Últimas histórias

  • Túnel

    — Antigamente, e bote antigamente nisso, o simples ato de curtir uma música era um ou poderia se tornar um grande desafio. Lembra de como era?

    — Lembro demais. No combo não faltava o inigualável “som riscado”, de intenso chiado no gasto vinil, e da virada dos lados A e B. Os mais jovens hoje nem sabem o que é isso.

    — E o sobressalto ao manusear errado o braço da vitrola, e o “raspado” da agulha por toda a extensão do disco?

    — Nossa! Nem me fale. Verdadeiro desastre quando isso acontecia.

    — Sim. De ficar a semana inteira com remorso. Quem nunca, né? — diz ela.

    — E o esporro, caso você não fosse o dono do LP? Passei muito por isso.

    O casal ri com as lembranças e insinuações.

    Como eles sempre fazem, principalmente aos finais de semana, Tasso e Selma se reúnem na varanda de casa. Raramente com visitas. Preferem a sós.

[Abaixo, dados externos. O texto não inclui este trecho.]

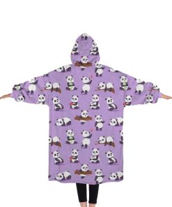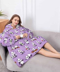 Manta de Bambú Púrpura con Panda, Manta con Capucha y
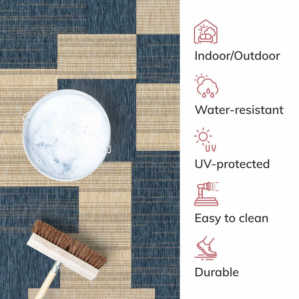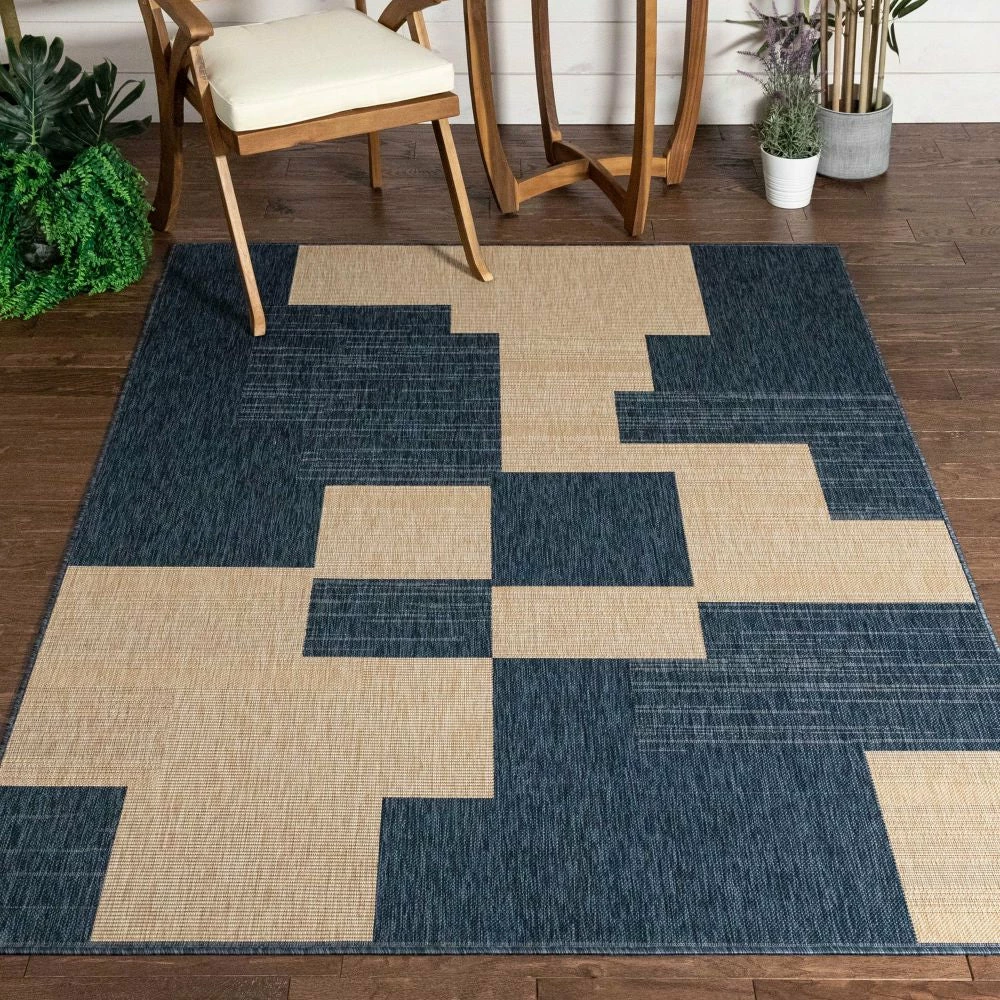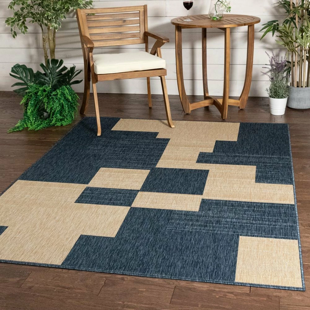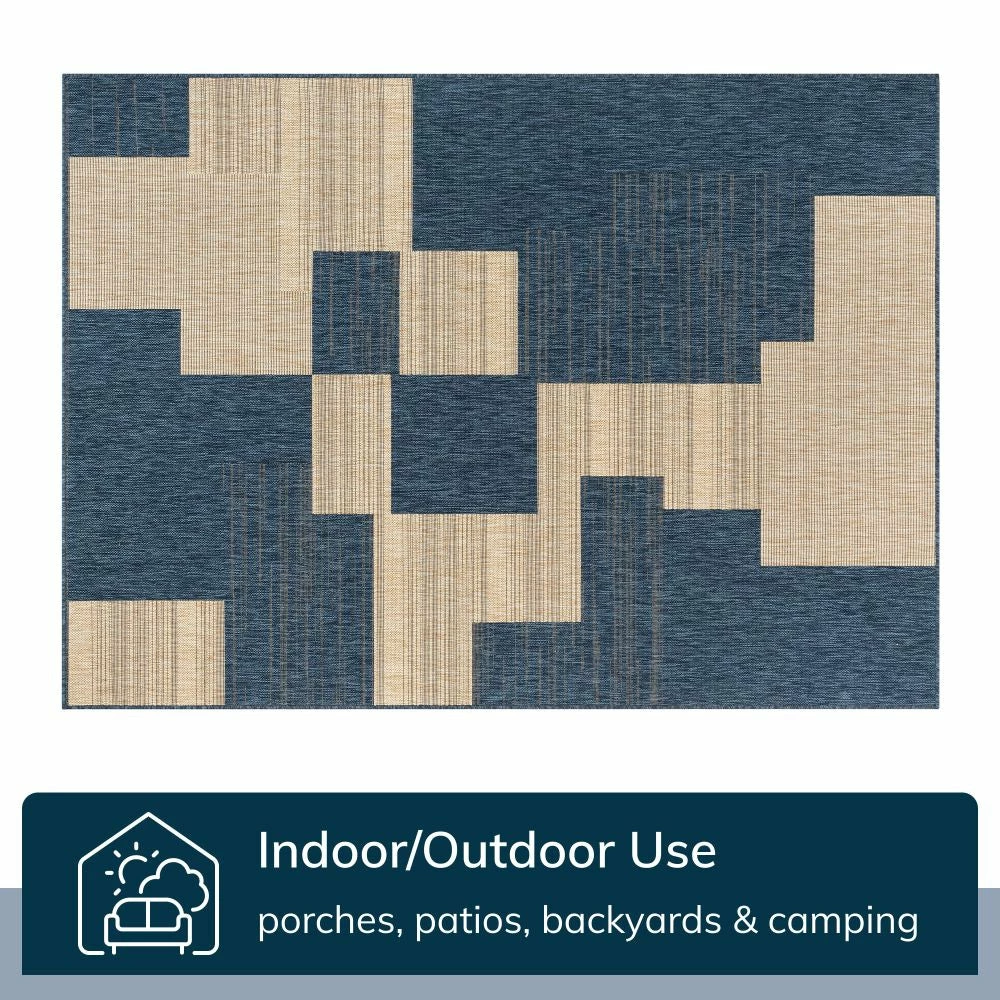 Well Woven Thor Geometric Indoor Outdoor Blue Flatweave Rug

Essas coisas simples, como costumam dizer, “consolidam um matrimônio tão longevo”. É quase uma religião, afirmam.  

    — Saudosista. Isso é que você é. Mas sinto saudades daquela época. Um uísque no copo, Billy Holiday ecoando na sala. Você sempre pedia a Ella Fitzgerald! Não, não. Você era fã mesmo de Nina Simone. “Vai lá trocar o disco”, você pedia.

    — É verdade. “Toca Nina”, sempre pedi.

    — Pedia? Soava como uma ordem.

    — Enquanto colocava gelo no copo, aquele olhar, como o nosso primeiro, parecendo como se tivéssemos acabado de nos conhecer. Um leve sopro quente passando de raspão na orelha…

    — Para! —pede ela.

    Mas ele sabe que não é para obedecer.

    — Tempo, tempo, tempo. De planos, de aventuras, de leituras e versos. A gente ria de tudo: da noite cinzenta de chuva, da falta de estrelas, de riscos de luz no céu, do copo manchado da noite passada, da calça jogada na janela, do biscoito jogado dentro de uma taça de vinho. O que estaremos fazendo daqui a 10 anos? — Selma pergunta.

    — Sentados aqui. Andando de bicicleta. Brincando na praia. Sentados em um monte apreciando o horizonte. O que você imagina?

    — Não responda com pergunta. Oh!… (risos).

    — Aqui? Não sei. Mas juntos — ele reafirma seu desejo. É uma espécie de jura de amor, a mesma frase dita semanalmente, naquela mesma varanda.

    E assim os anos passaram. Como qualquer casal, não faltou o enfrentamento de grandes desafios, medo, vitórias.

    — Acolhendo as coisas boas. Chegamos aqui. Parabéns pelas bodas de ouro, meu amor — suspira ele beijando-a na testa.

    — Alexa, toque Billy Holiday!

    Sem ruídos do LP, e com os copos e corpos mais silenciosos. É vida que segue.

  • Nunca mais eu bebo

    Bateu na cabeça dele sair de fininho. A embriaguez ficara constatada no espelho do banheiro. Mal conseguia concatenar o momento com a música que chegava abafada no banheiro.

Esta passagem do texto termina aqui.